書肆侃侃房 出版 東直子・佐藤弓生・千葉聡編著 「短歌タイムカプセル」 感想の注意書きです。
生命線ひそかに変へむためにわが抽出しにある 一本の釘
寺山修司は一時期すごく傾倒してて、歌集めっちゃ読んでました。その中で強烈に印象に残っているのがこの一首です。すごい勝手なイメージなんですけど、山小屋みたいなところに住んでて、木の机があって、抽出しはがたついてて、ぽつんと一本錆びた釘が入ってて、時々手に取って見るの。で、手のひらを削るところを想像するんだけど結局いつもやらなくて、またしまって、指に錆びが残る、みたいな感じです。釘を隠し持ちながらどこかで生命線を信じてるあたりが切ないですよね。このイメージ、自分でもなんで山小屋なのかなって思ったんだけど、多分(このアンソロジーには載ってないですが)
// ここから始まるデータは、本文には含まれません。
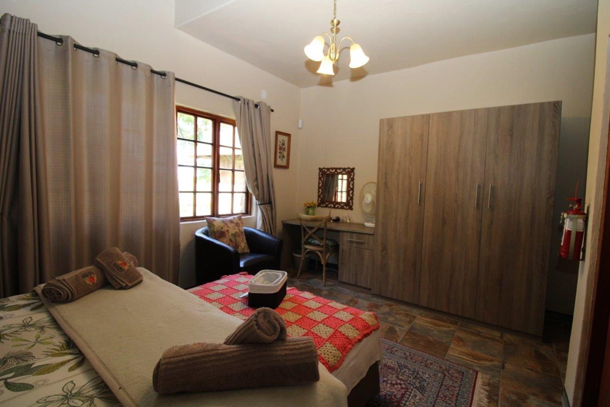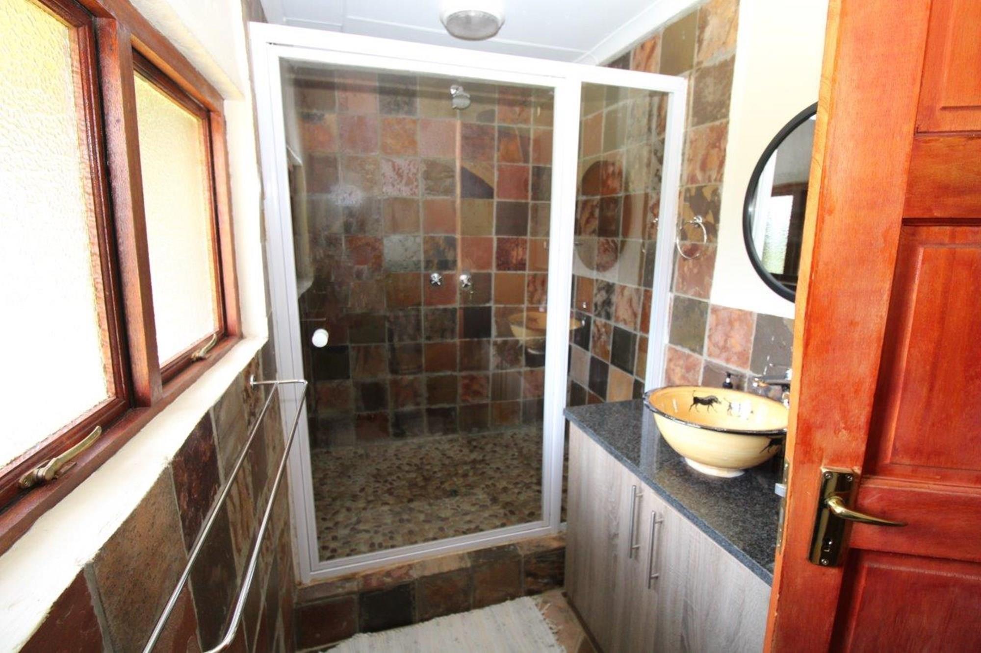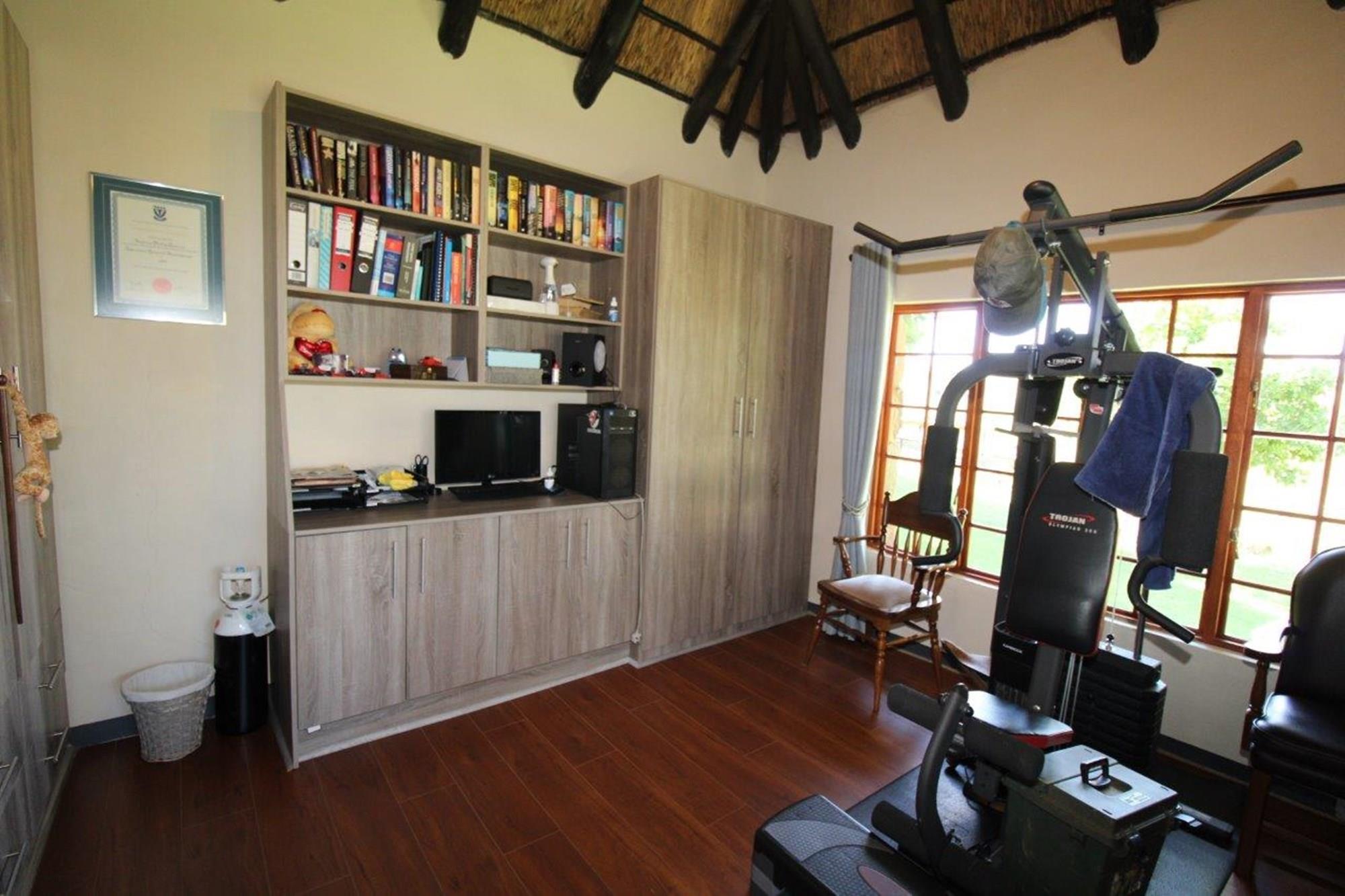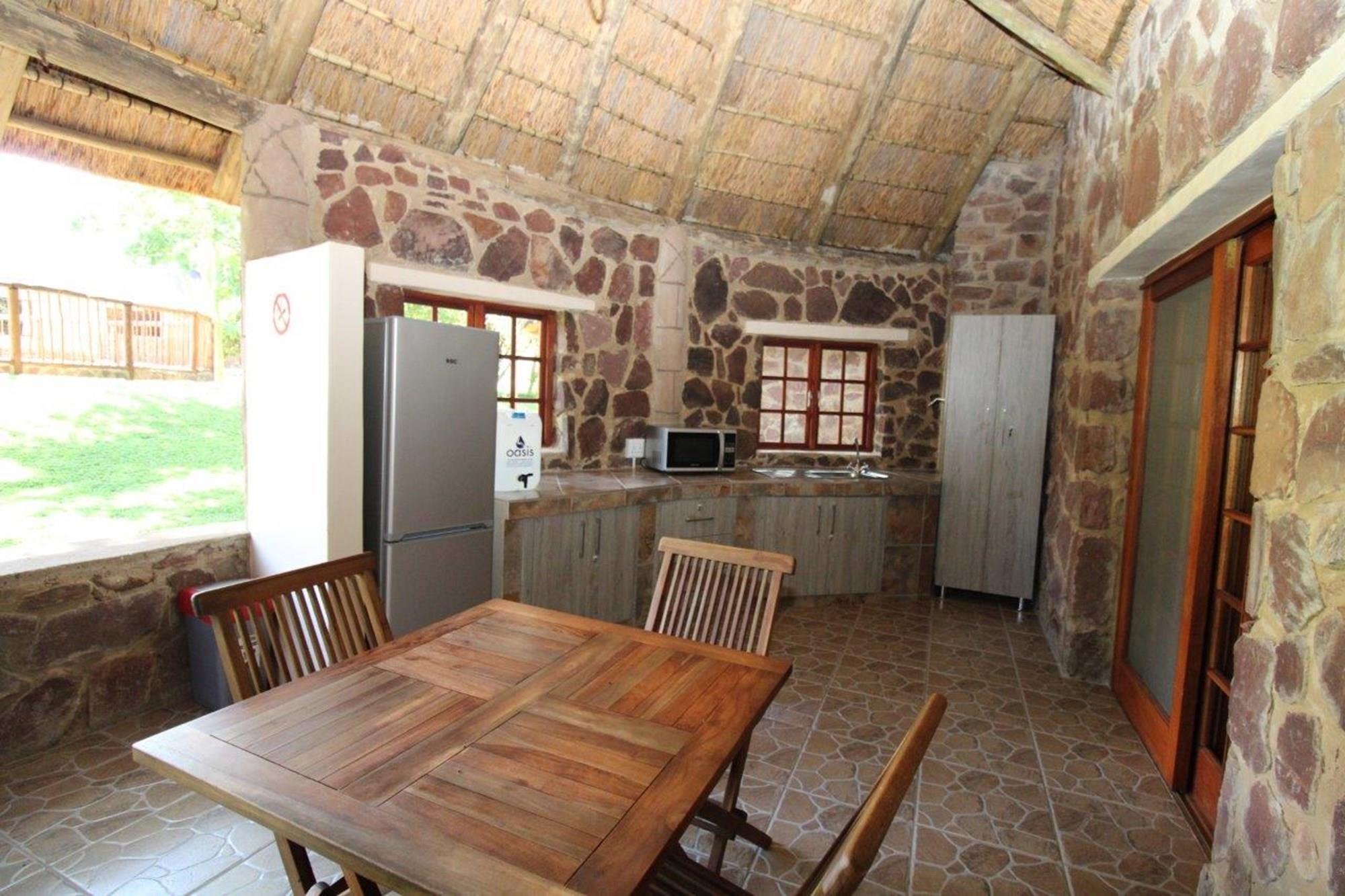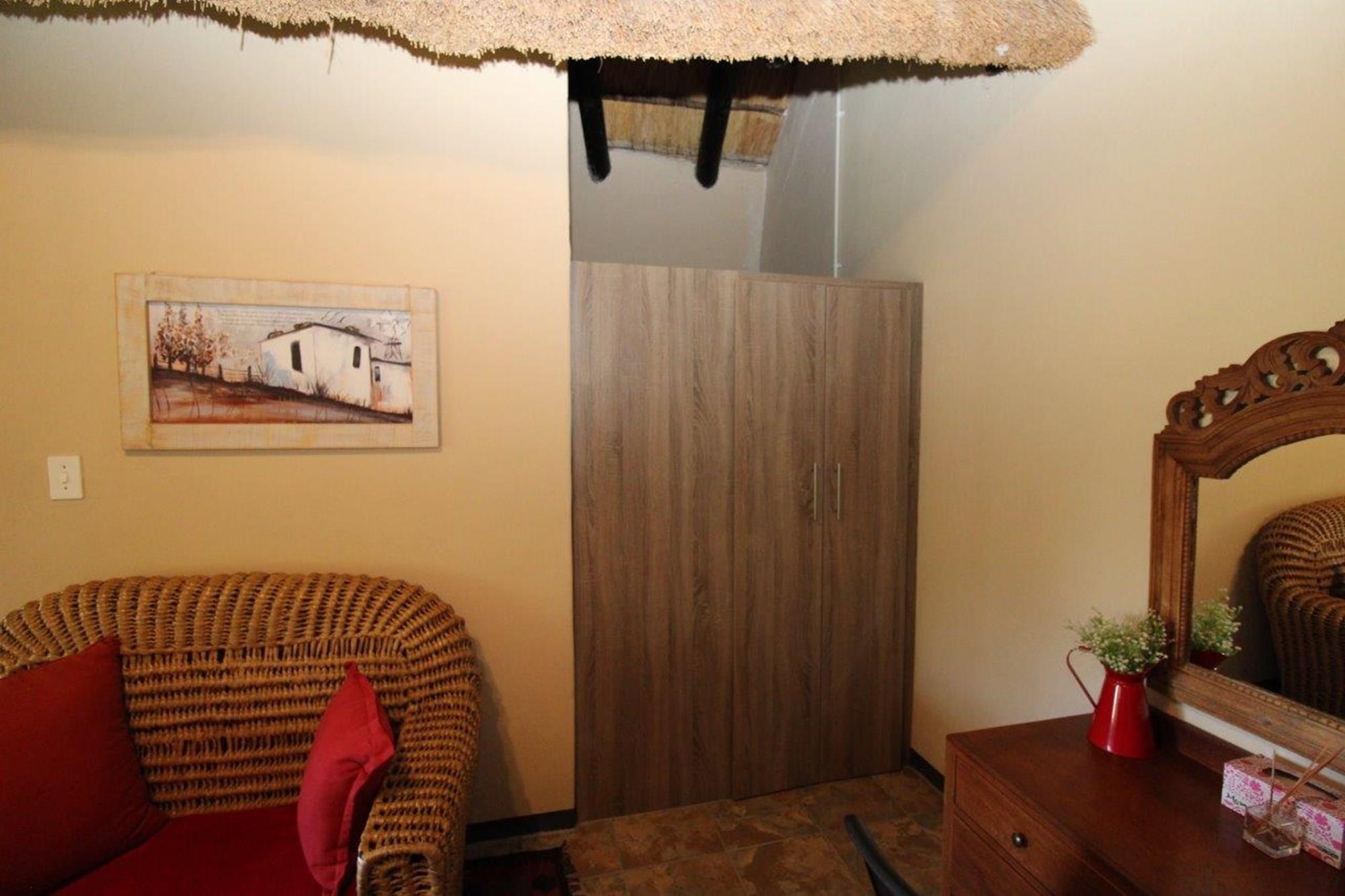 This property features a Main Lodge with four bedrooms and four bathrooms, as well as an open plan kitchen, dining room, and lounge which opens onto a large patio. There is also an additional loft lounge area, a conference facility for 20 people, a bar with a guest toilet, a swimming pool, a walk-in safe, and a well-manicured garden with automated irrigation. Very large boma braai area for functions and conferences overlooking the large earth dam. Excellent game viewing with giraffe, buffalo and other plains game drinking water at the dam. Guests may also utilise a private picnic and boma braai area situated on the mountain above the lodge with spectacular views. Internet installation included.

わが撃ちし鳥は拾わで帰るなりもはや飛ばざるものは妬まぬ
からの連想だろうな。
あとこの歌を見るといつも石川啄木の
いたく錆びしピストル出でぬ
砂浜の
砂を指もて掘りてありしに
を思い出します。。錆びた釘のイメージからの連想だろうな…。釘が錆びてるというのは私の完全なる妄想なんですけど…。
寺山修司は好きな歌多すぎるんですが、
きみが歌うクロッカスの歌も新しき家具の一つに数えんとする
は鉄板で好きです。この歌のおかげでクロッカスを見ると気持ちが昂ります(笑)。